─── Exercise materials ───

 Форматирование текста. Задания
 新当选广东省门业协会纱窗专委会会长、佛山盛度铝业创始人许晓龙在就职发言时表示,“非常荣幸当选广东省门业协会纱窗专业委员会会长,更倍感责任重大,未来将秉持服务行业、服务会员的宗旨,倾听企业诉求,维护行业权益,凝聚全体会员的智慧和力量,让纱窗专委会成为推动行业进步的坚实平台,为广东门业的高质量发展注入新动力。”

───
─── Exercise materials ───

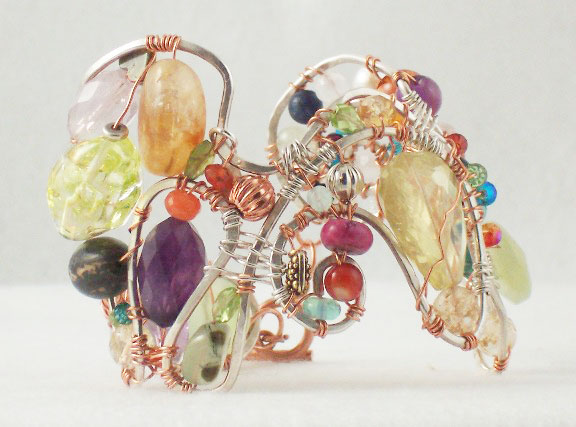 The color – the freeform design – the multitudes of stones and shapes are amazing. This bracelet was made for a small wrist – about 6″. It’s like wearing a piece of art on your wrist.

───

§ Work item:
Given the data above, transcribe exactly the lines from the one containing "Форматирование текста. Задания" down to the one containing "新当选广东省门业协会纱窗专委", and no others.

§ Written response:
 Форматирование текста. Задания
 新当选广东省门业协会纱窗专委会会长、佛山盛度铝业创始人许晓龙在就职发言时表示,“非常荣幸当选广东省门业协会纱窗专业委员会会长,更倍感责任重大,未来将秉持服务行业、服务会员的宗旨,倾听企业诉求,维护行业权益,凝聚全体会员的智慧和力量,让纱窗专委会成为推动行业进步的坚实平台,为广东门业的高质量发展注入新动力。”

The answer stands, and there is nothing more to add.